If he has new ideas on how to accomplish that, Easter is saving them for his July report to ministers.

He said the solution is to make sure that market power tools such as supply management agencies are not lost in trade talks. However, that model of protected markets and production controls is not appropriate for all sectors, including those that depend on export sales.

“But somehow, we have to take on the multinationals that dominate the market,” said Easter.

Al Mussell, senior research associate at the George Morris Centre in Guelph, Ont., said the real answer is to convince more farmers to become a part of value chain agreements that give them contracts both with input suppliers and buyers that provide returns to keep them viable.

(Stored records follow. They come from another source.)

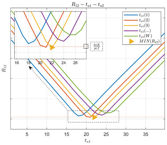 In the matrix , is the smallest element satisfying Equation (15), i and j are the row index and column index, respectively, and and are the real positions of and . For the sake of understanding, Figure 7 shows the typical relationship of between and . We can find the minimum value of in curve , whose is 22, and its value satisfies Equation (15), so here i is 22 and j is 3. If there is no element satisfying Equation (15) in , it means that the range W is too small, and W and the traversal step size can be increased appropriately.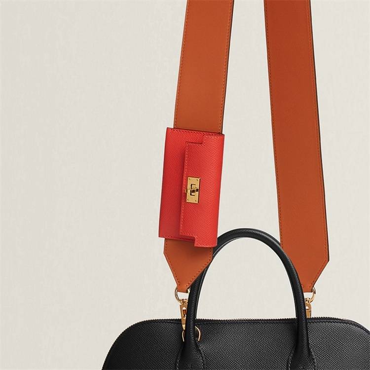 爱马仕近期推出的「Kelly Pocket」肩带50毫米,是一款结合卡夹与肩带的作品,其宽幅的皮革肩带,让包袋不只能优雅的手提,同时也能轻松地上肩,其间带上以凯莉包为设计灵感的卡包,以符合当代使用情境,能装得下任何交通卡、信用卡等物件。 Hermès「Kelly Pocket」亮点2:双重皮革的运用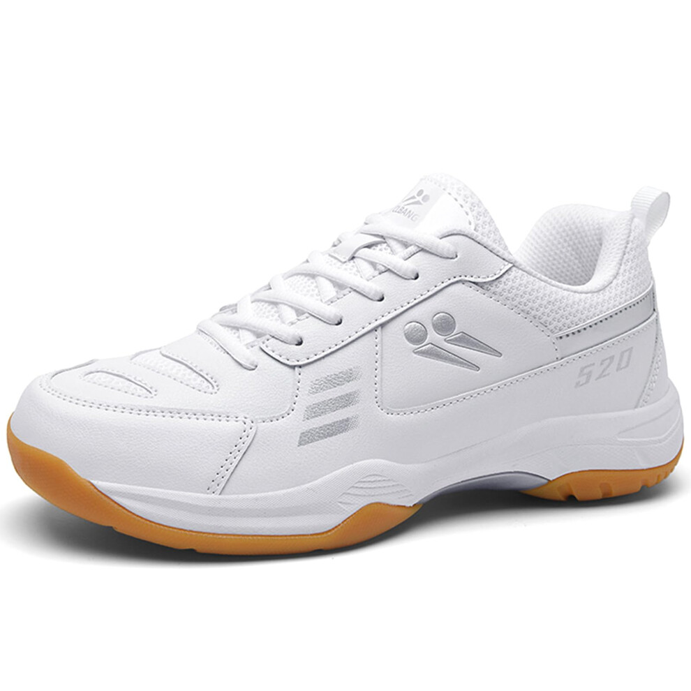 PENXZT Badminton Tennis Shoes Mens Women Indoor Court Training Shoes Anti-Slip Lightweight for Racketball Squash Volleyball,White,4 UK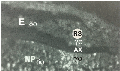 Figure 4B. Combined schematic drawing of a medio-sagittal section through a quail post-lampbrush oocyte compared with the derived blastoderm after symmetrization: the oblique split represents the spatially unequal formation of the subgerminal space resulting in the spatial oblique uptake in the deeper caudal half of the blastoderm of у-ooplasm (RS) and δ-ooplasm, forming the endophyll (E) in the future caudal region of the blastoderm. The oblique formation of the split explains why RS and endophyll are fixed together in one plane. G: presumptive localization of primordial germ ooplasm.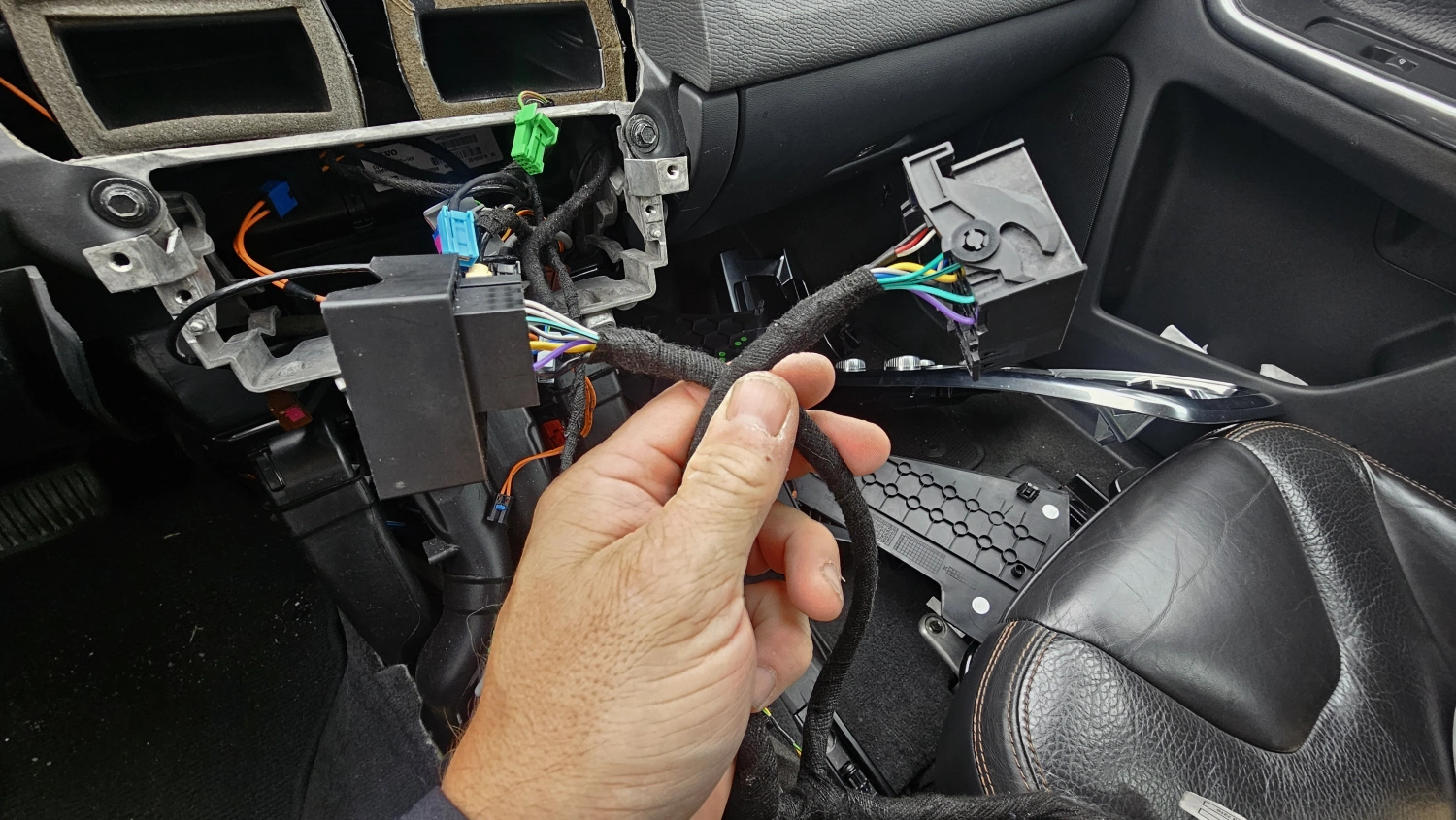 För att ens kunna montera IHU adapterkablaget krävs det att man bygger om adaptern rejält. Själva adaptern kablage är alldeles för kort för att kunna monteras i V70/S80/XC60, Det går inte att få in IHU igen på grund av adaptern. Jag började med att plocka bort alla onödiga kablar. Det är bara jämföra antalet kablar i originalkontakten i bilen, på så vis kan man eliminera väldigt mycket rent platsmässigt. Sen måste den förlängas så IHU adaptern blir minst 2 decimeter längre totalt, för då kan man stuva undan själva kontakten. Min IHU adapter krympte från 44 kablar till 10 kablar.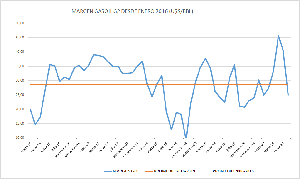 Con los valores que mostraremos, el margen bruto del gasoil cae por debajo del promedio histórico 2016-2019 y también un poco por debajo del promedio 2006-2015.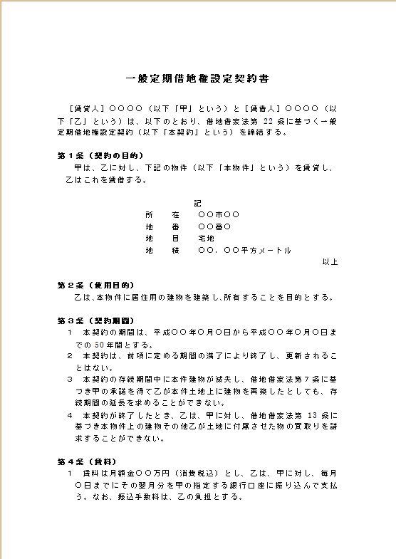 一般定期借地権設定契約書のテキスト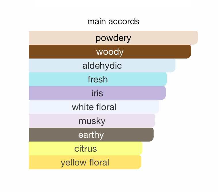 The top notes of the scent are aldehydes, ylang-ylang, neroli, bergamot, and lemon, with middle notes of iris, jasmine, rose, orris root, and lily of the valley. The base notes are civet, sandalwood, amber, musk, moss, vetiver, vanilla, and patchouli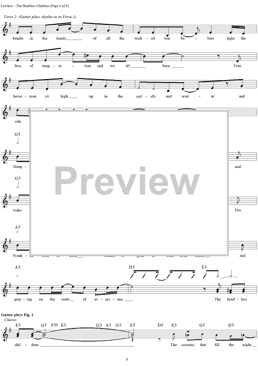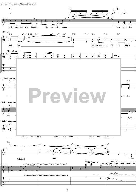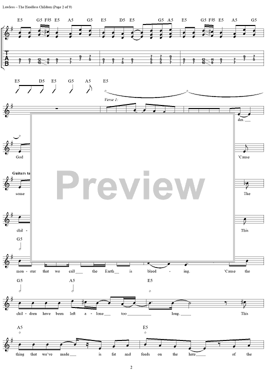 Digital Sheet Music for The Headless Children by Blackie Lawless, W.A.S.P. scored for Guitar Tab/Vocal; id:250368

“I think it will take a willingness to work with other people in the chain,” Mussell said.

He argued that dependence on government support is at best a temporary measure and an impediment to change.

National Farmers Union president Stewart Wells from Swift Current, Sask., scoffs at that proposed solution as long as farmers are the economically weak link.

“Farmers will be chewed up in the gears of the value chain and spit out one after another,” he said.

Wells’s answer for getting off the government support treadmill is to support and strengthen orderly marketing and to reduce the government obsession of considering increased exports as the basis of the farm economy.

For Canadian Federation of Agriculture president Bob Friesen, farmer participation in contracts with buyers and suppliers is “a glib answer” to a deeper problem. Until ways are found to rebalance market power, governments must be ready to support the sector, he said.

“We are a long way away from governments being able to back away from safety nets and being able to back away from ad hoc payments.”